§ **PROVIDED MATERIAL**
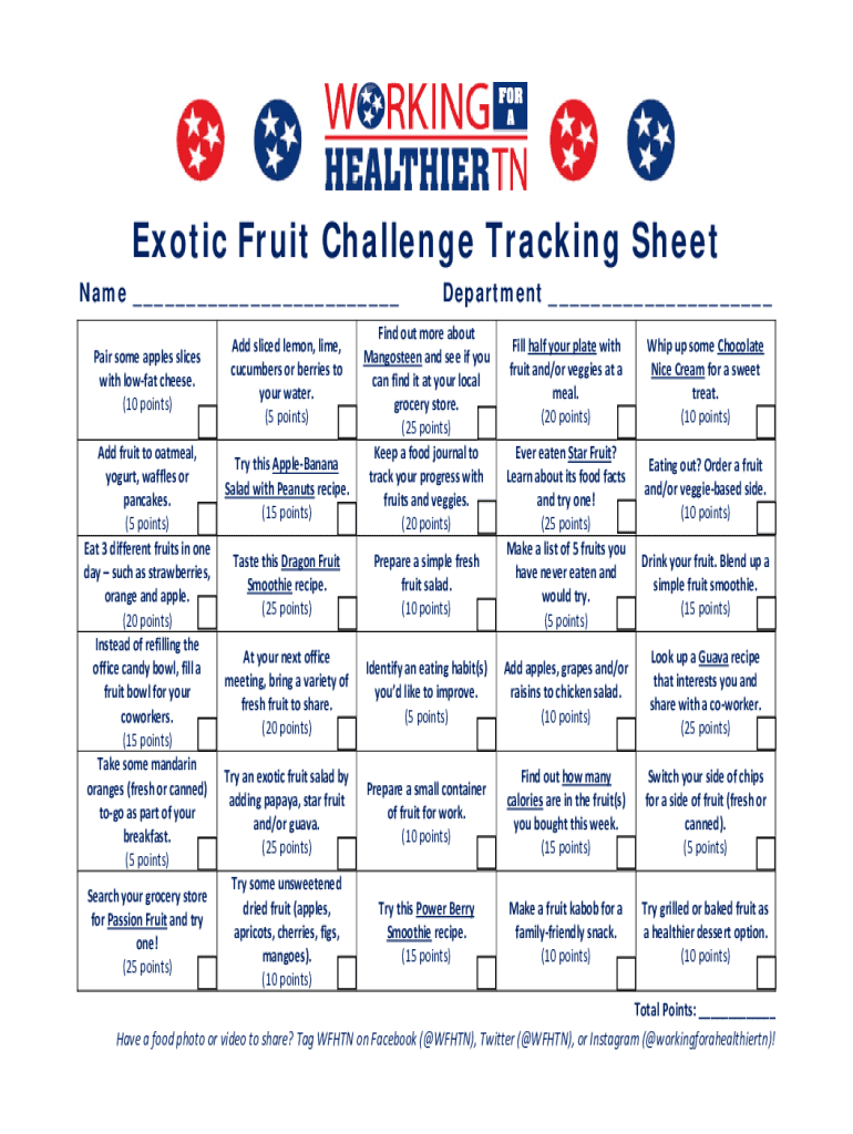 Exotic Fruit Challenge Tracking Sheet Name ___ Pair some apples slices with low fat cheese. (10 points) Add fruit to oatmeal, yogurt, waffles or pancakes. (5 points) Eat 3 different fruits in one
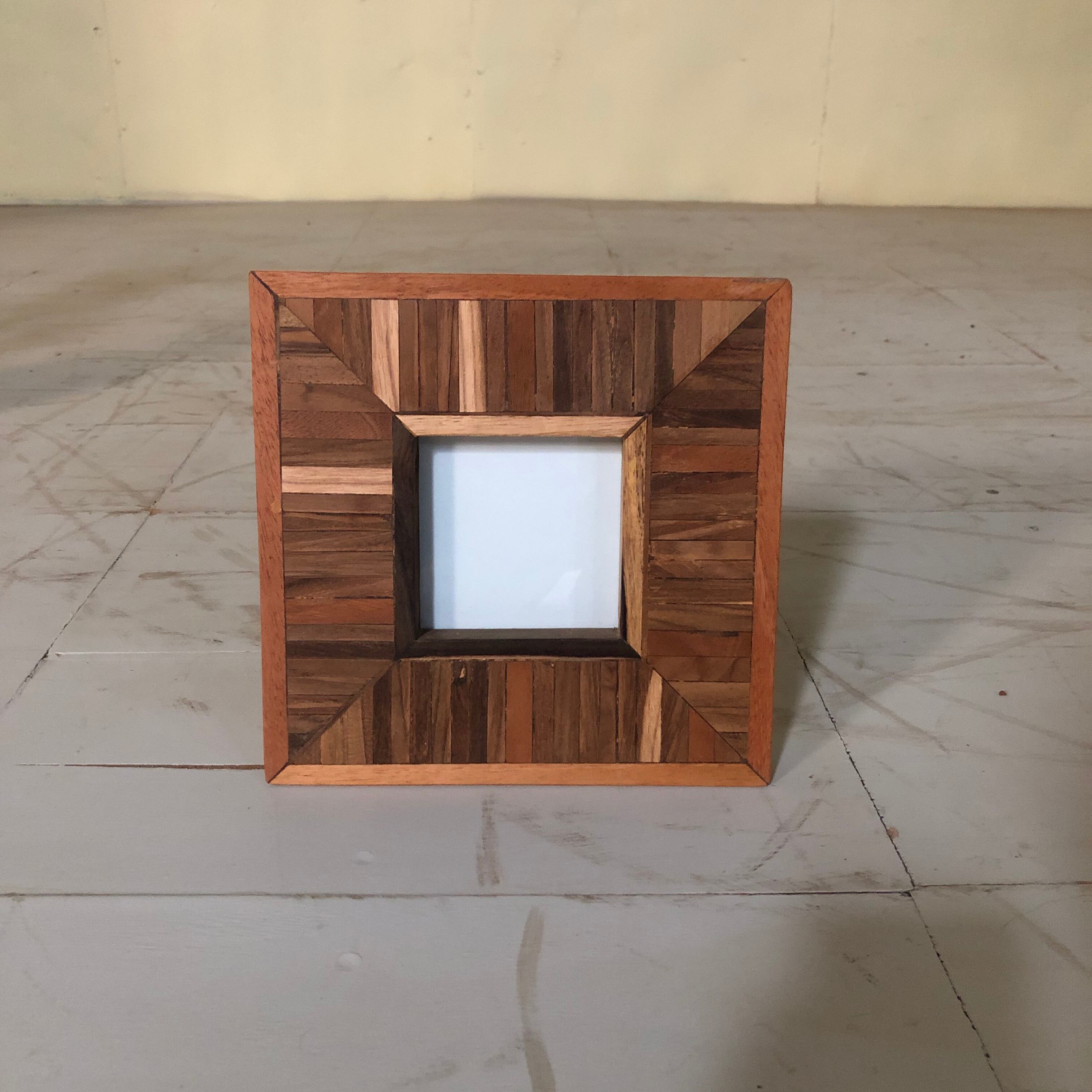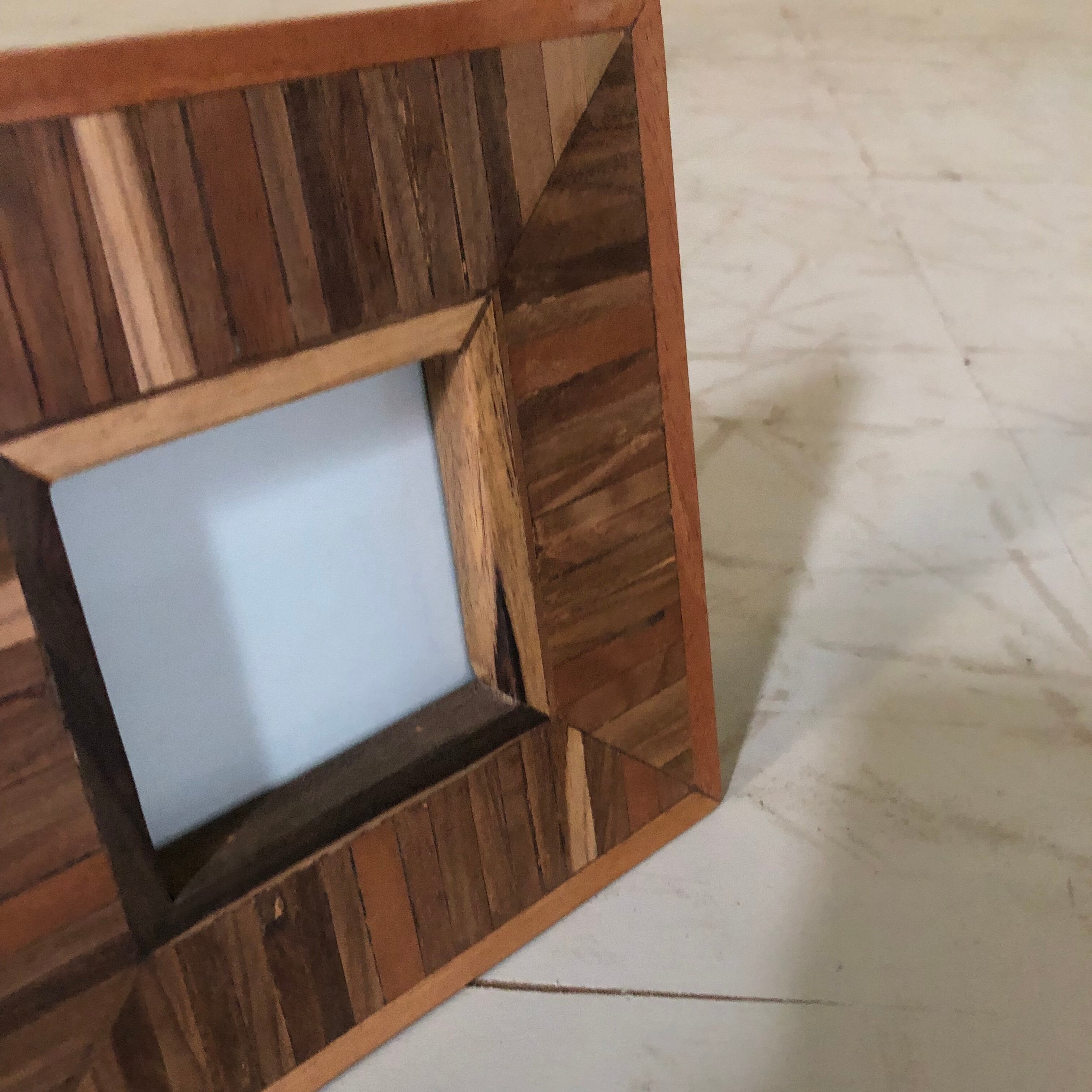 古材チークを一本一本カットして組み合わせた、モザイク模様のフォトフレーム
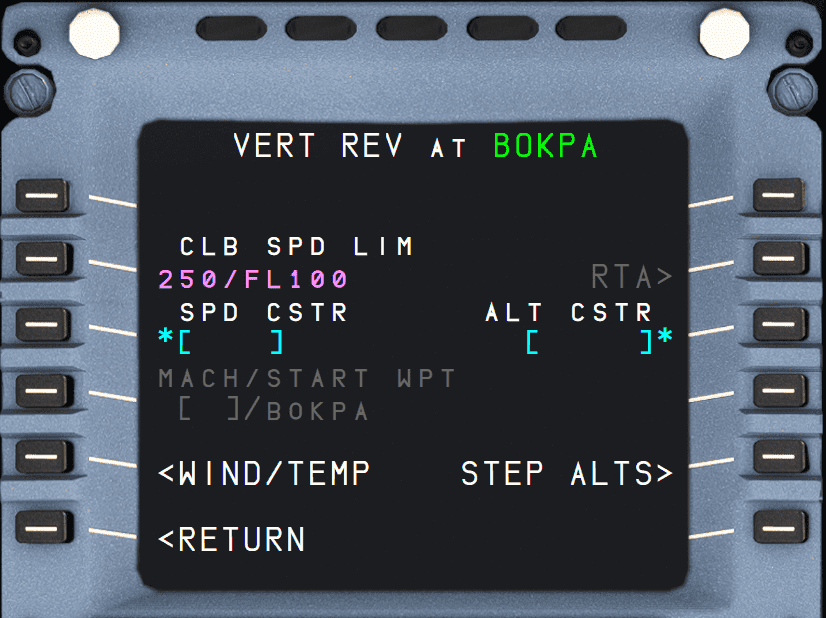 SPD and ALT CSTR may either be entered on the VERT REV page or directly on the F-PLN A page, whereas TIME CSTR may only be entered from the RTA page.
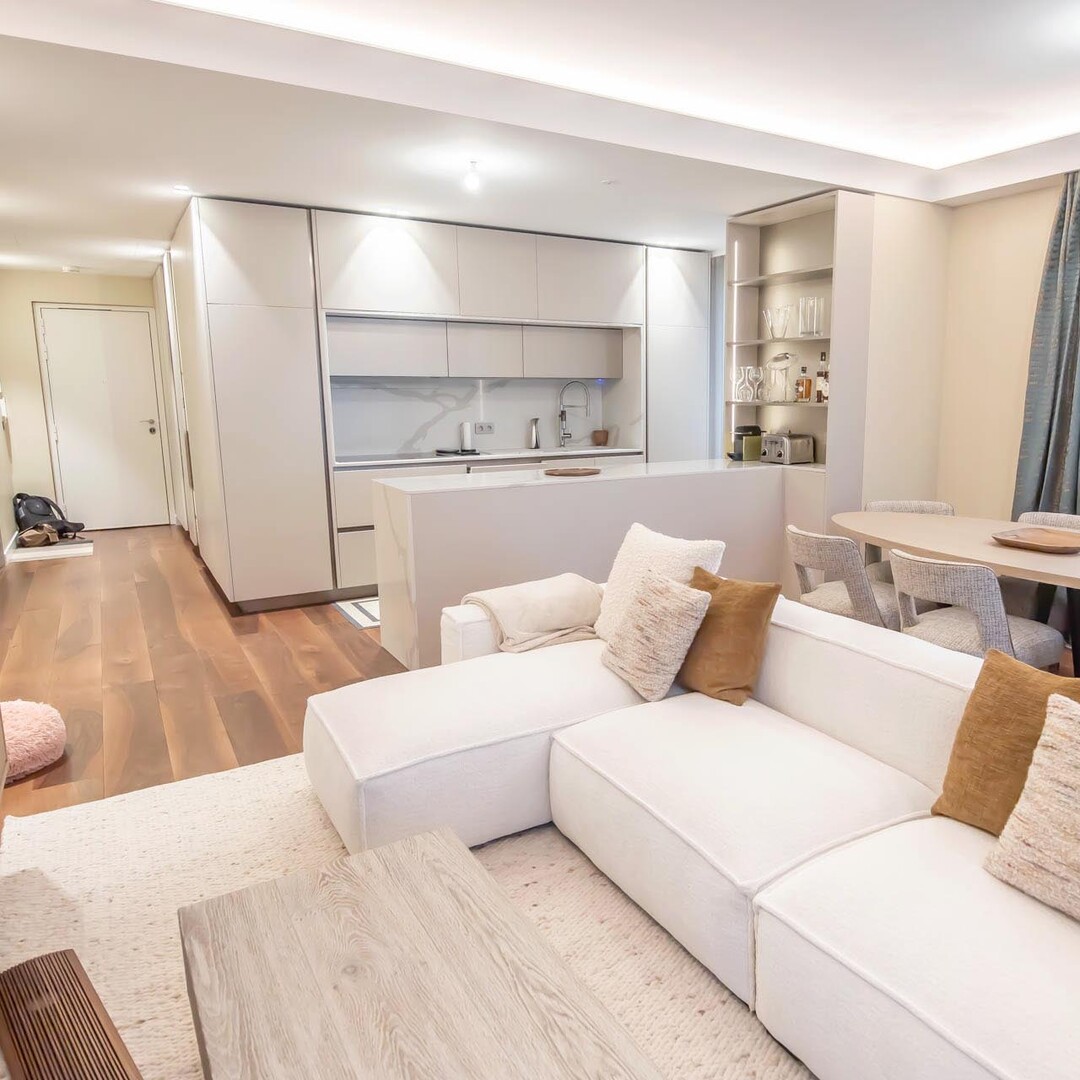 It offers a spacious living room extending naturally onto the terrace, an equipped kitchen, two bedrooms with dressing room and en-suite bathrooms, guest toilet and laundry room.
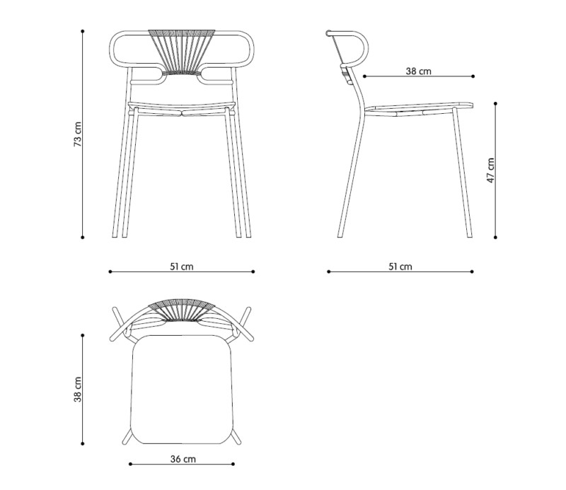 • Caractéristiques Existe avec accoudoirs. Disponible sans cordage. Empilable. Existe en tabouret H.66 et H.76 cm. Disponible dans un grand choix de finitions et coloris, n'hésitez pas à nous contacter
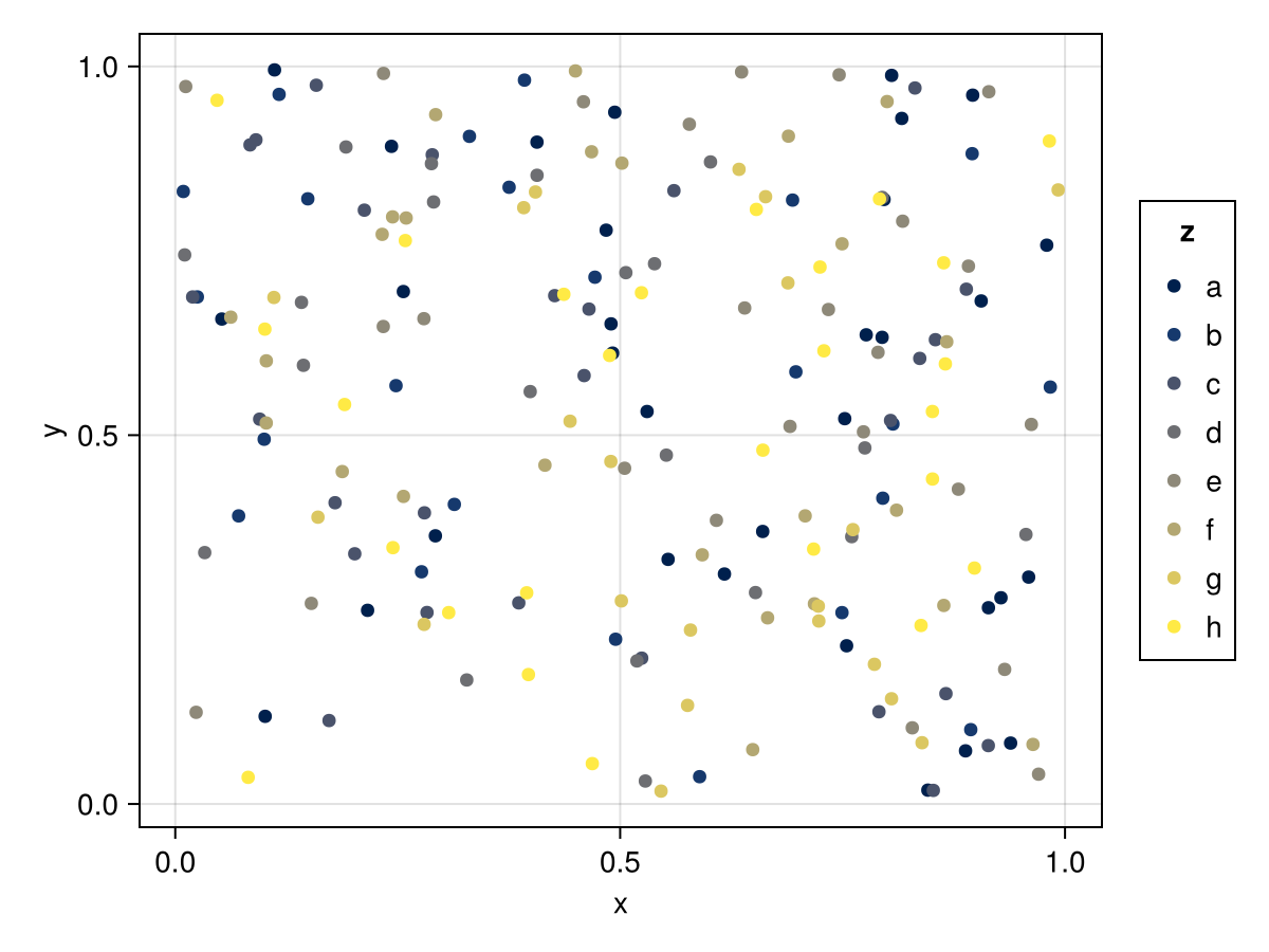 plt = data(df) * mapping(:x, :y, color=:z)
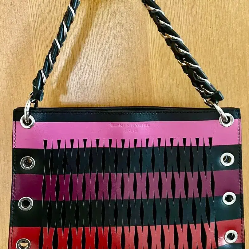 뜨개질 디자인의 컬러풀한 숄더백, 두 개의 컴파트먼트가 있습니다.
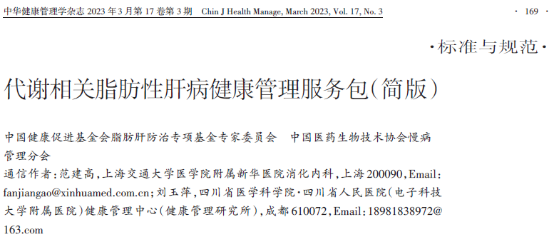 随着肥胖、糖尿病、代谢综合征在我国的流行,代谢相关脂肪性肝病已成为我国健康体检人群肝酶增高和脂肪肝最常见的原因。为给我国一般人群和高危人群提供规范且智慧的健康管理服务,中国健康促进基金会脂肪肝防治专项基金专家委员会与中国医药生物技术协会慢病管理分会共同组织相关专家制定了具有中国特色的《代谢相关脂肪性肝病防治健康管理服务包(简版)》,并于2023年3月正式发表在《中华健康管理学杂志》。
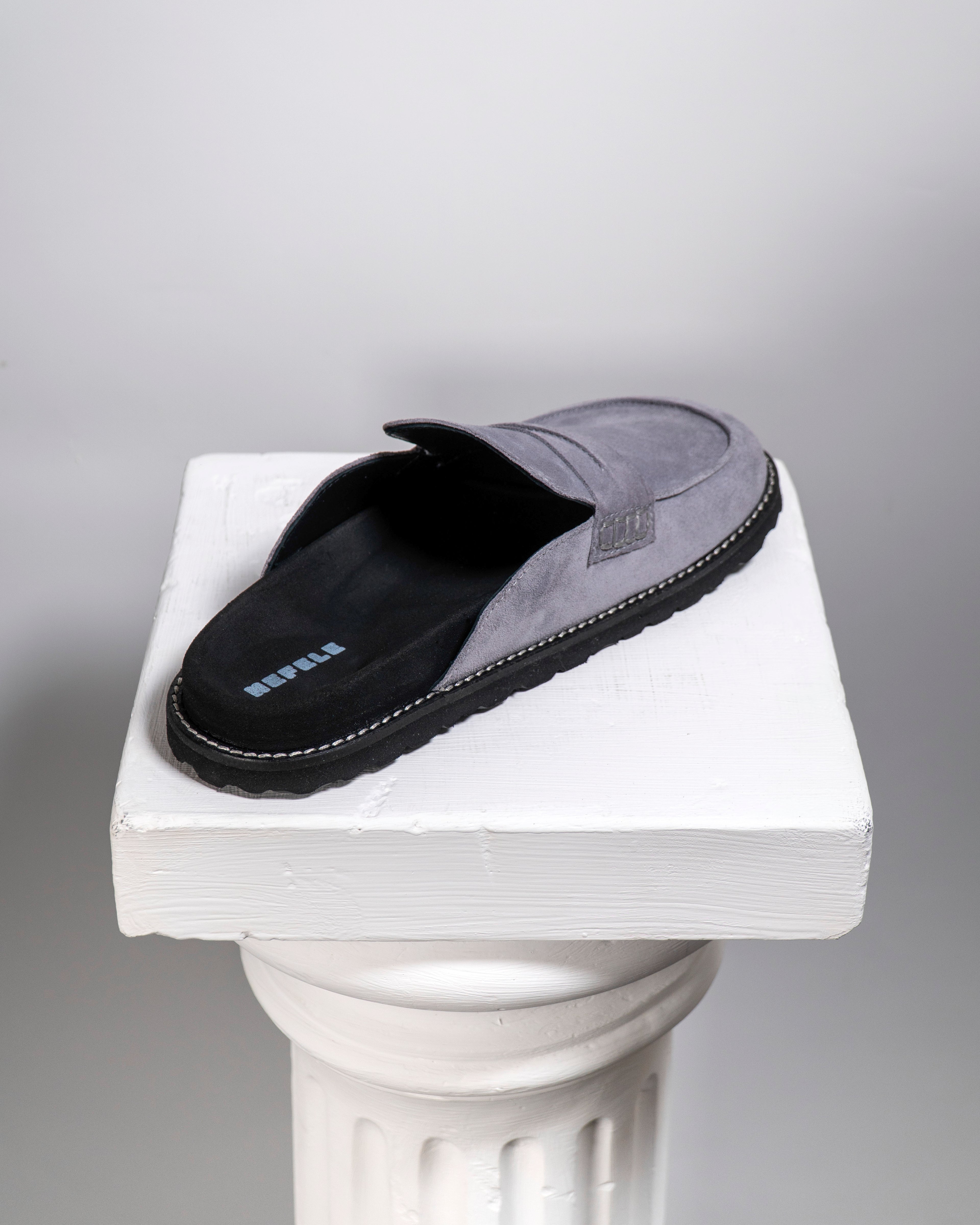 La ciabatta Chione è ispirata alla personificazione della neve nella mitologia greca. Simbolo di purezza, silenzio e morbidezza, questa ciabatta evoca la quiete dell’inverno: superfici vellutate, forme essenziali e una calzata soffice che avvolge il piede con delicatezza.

§ **WHAT YOU HAVE TO DO**
Set down exactly the lines between the one with "à nous contacter" and the last line of the material above, both included, but none of the pictures.

§ **RESULT**
 • Caractéristiques Existe avec accoudoirs. Disponible sans cordage. Empilable. Existe en tabouret H.66 et H.76 cm. Disponible dans un grand choix de finitions et coloris, n'hésitez pas à nous contacter
 plt = data(df) * mapping(:x, :y, color=:z)
 뜨개질 디자인의 컬러풀한 숄더백, 두 개의 컴파트먼트가 있습니다.
 随着肥胖、糖尿病、代谢综合征在我国的流行,代谢相关脂肪性肝病已成为我国健康体检人群肝酶增高和脂肪肝最常见的原因。为给我国一般人群和高危人群提供规范且智慧的健康管理服务,中国健康促进基金会脂肪肝防治专项基金专家委员会与中国医药生物技术协会慢病管理分会共同组织相关专家制定了具有中国特色的《代谢相关脂肪性肝病防治健康管理服务包(简版)》,并于2023年3月正式发表在《中华健康管理学杂志》。
 La ciabatta Chione è ispirata alla personificazione della neve nella mitologia greca. Simbolo di purezza, silenzio e morbidezza, questa ciabatta evoca la quiete dell’inverno: superfici vellutate, forme essenziali e una calzata soffice che avvolge il piede con delicatezza.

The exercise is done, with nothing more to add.